*INPUT DATA:*
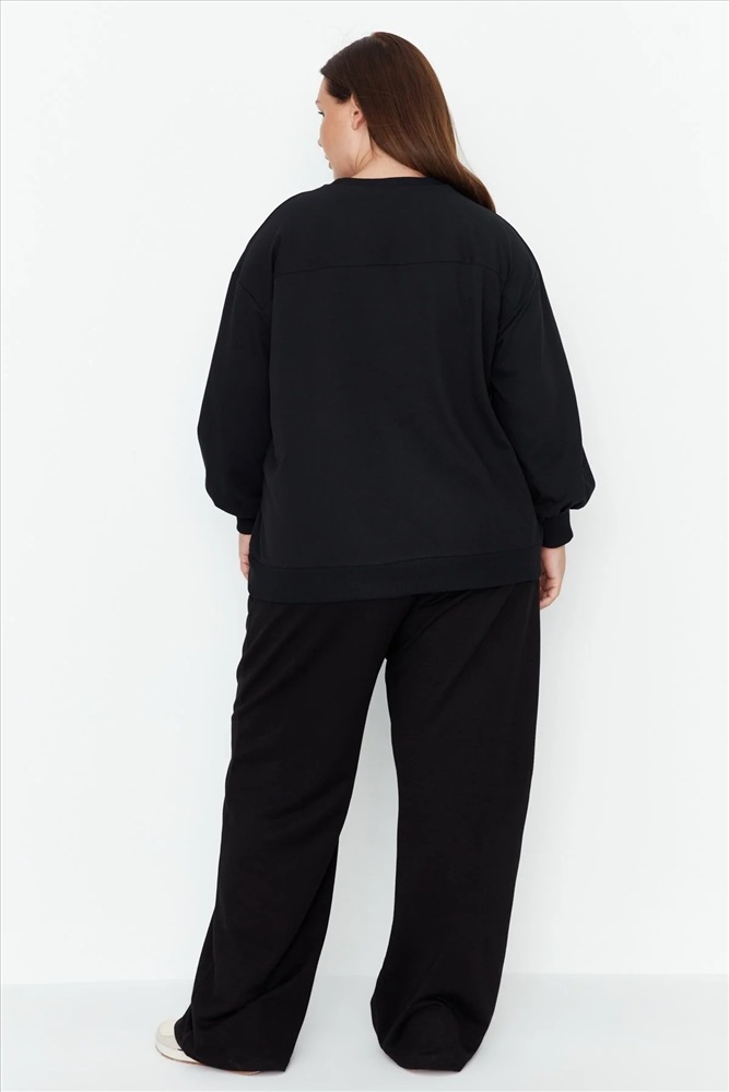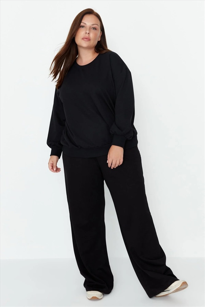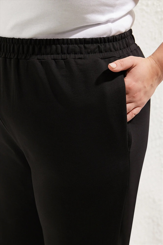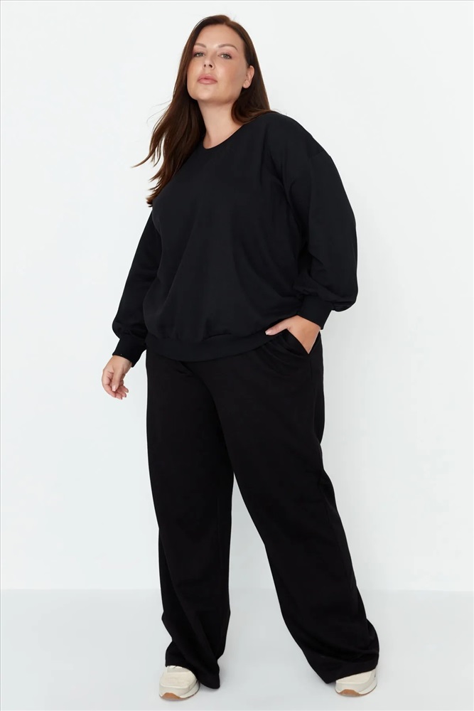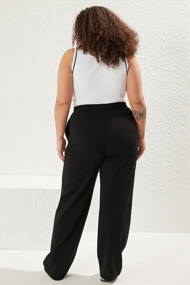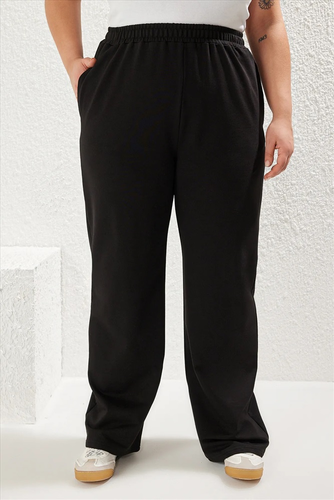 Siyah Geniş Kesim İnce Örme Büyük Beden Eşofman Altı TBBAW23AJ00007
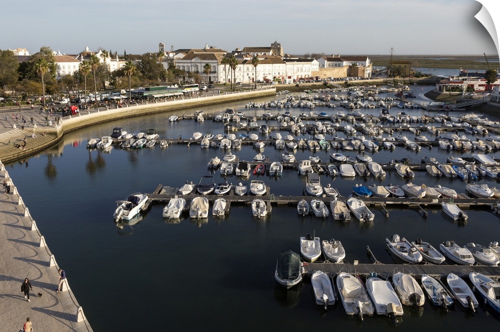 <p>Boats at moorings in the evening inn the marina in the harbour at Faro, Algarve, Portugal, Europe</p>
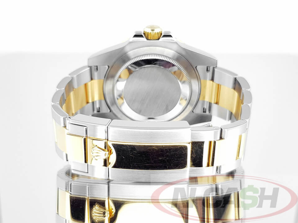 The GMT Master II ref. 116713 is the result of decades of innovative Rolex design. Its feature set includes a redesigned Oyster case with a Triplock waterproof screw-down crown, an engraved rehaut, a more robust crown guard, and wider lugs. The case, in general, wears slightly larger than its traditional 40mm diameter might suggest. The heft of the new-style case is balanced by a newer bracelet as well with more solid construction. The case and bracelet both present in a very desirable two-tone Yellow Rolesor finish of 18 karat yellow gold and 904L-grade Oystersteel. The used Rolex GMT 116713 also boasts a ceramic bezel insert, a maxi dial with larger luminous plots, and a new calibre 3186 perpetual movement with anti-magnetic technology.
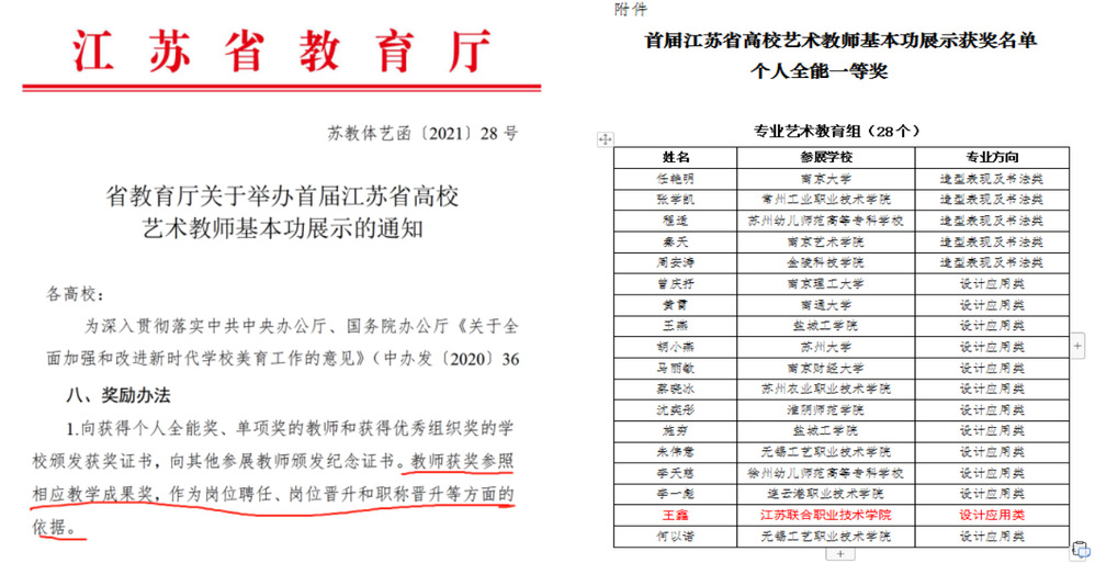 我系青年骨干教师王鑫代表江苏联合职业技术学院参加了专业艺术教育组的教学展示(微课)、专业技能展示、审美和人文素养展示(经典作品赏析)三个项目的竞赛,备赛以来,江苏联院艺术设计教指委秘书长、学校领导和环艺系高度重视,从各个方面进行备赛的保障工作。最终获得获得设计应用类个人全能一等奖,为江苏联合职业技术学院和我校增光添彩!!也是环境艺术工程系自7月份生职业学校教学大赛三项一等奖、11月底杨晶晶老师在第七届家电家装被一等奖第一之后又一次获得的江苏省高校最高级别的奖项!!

*PROBLEM:* Retype the data above exactly. Leave the pictures out.

*RESPONSE TO THE EXERCISE:*
 Siyah Geniş Kesim İnce Örme Büyük Beden Eşofman Altı TBBAW23AJ00007
 <p>Boats at moorings in the evening inn the marina in the harbour at Faro, Algarve, Portugal, Europe</p>
 The GMT Master II ref. 116713 is the result of decades of innovative Rolex design. Its feature set includes a redesigned Oyster case with a Triplock waterproof screw-down crown, an engraved rehaut, a more robust crown guard, and wider lugs. The case, in general, wears slightly larger than its traditional 40mm diameter might suggest. The heft of the new-style case is balanced by a newer bracelet as well with more solid construction. The case and bracelet both present in a very desirable two-tone Yellow Rolesor finish of 18 karat yellow gold and 904L-grade Oystersteel. The used Rolex GMT 116713 also boasts a ceramic bezel insert, a maxi dial with larger luminous plots, and a new calibre 3186 perpetual movement with anti-magnetic technology.
 我系青年骨干教师王鑫代表江苏联合职业技术学院参加了专业艺术教育组的教学展示(微课)、专业技能展示、审美和人文素养展示(经典作品赏析)三个项目的竞赛,备赛以来,江苏联院艺术设计教指委秘书长、学校领导和环艺系高度重视,从各个方面进行备赛的保障工作。最终获得获得设计应用类个人全能一等奖,为江苏联合职业技术学院和我校增光添彩!!也是环境艺术工程系自7月份生职业学校教学大赛三项一等奖、11月底杨晶晶老师在第七届家电家装被一等奖第一之后又一次获得的江苏省高校最高级别的奖项!!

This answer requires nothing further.